── Raw data ──

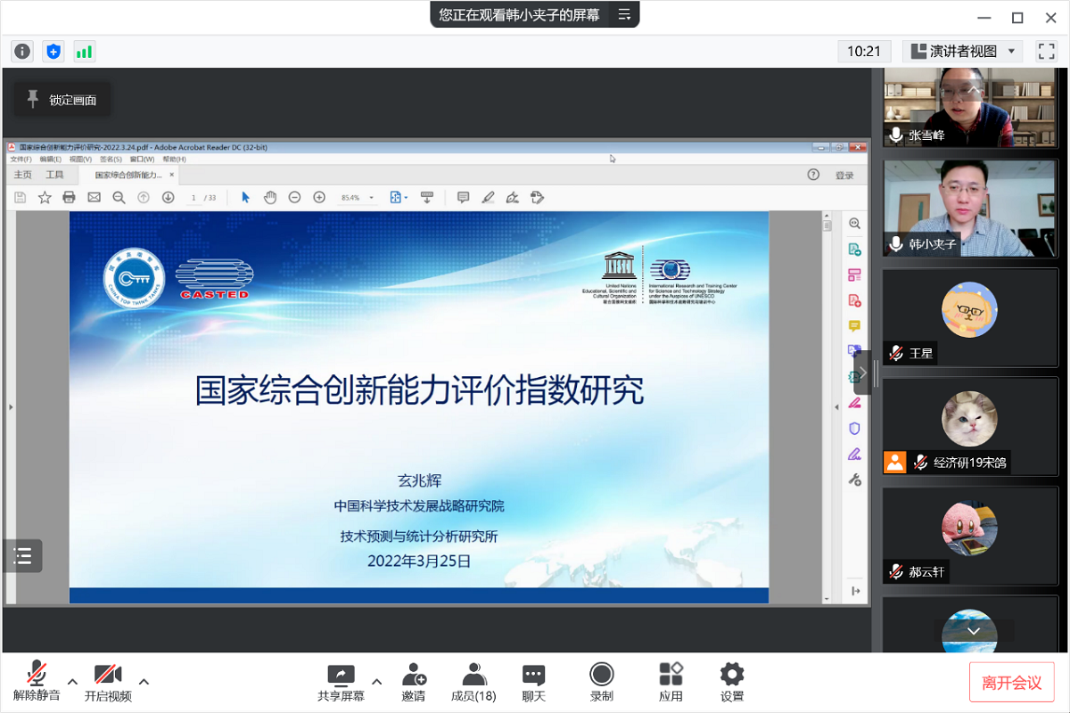 3月25日下午,应太阳集团tyc151cc邀请,中国科学技术发展战略研究院技术预测与统计分析研究所所长,玄兆辉研究员通过腾讯会议APP为我校师生作了题为“国家综合创新能力评价指数研究”的线上学术报告。报告会由经济系张雪峰副教授主持,经济系经济研究生参会。
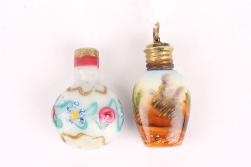Two 19th century miniature scent bottles, one ceramic painted with a scene of courting couples, the other Venetian glass with enamel flowers. (2) Largest 4cm longCondition: Both in good condition.
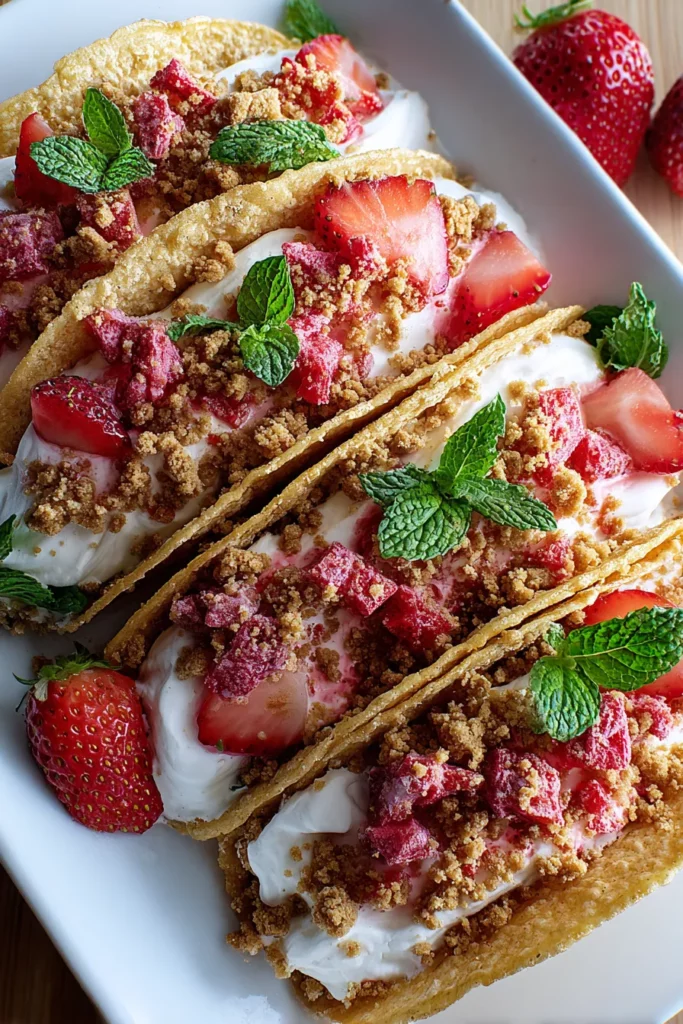 Top each taco with small edible blooms—like violets or pansies—and a sprig of mint. This delicate touch adds visual drama and a hint of floral aroma that perfectly frames the strawberry-cheesecake combo.

───

• Instructions to follow:
Return exactly the lines running from the line with "Two 19th century" through the final line of the listing. Leave the pictures out.

• Written answer:
Two 19th century miniature scent bottles, one ceramic painted with a scene of courting couples, the other Venetian glass with enamel flowers. (2) Largest 4cm longCondition: Both in good condition.
 Top each taco with small edible blooms—like violets or pansies—and a sprig of mint. This delicate touch adds visual drama and a hint of floral aroma that perfectly frames the strawberry-cheesecake combo.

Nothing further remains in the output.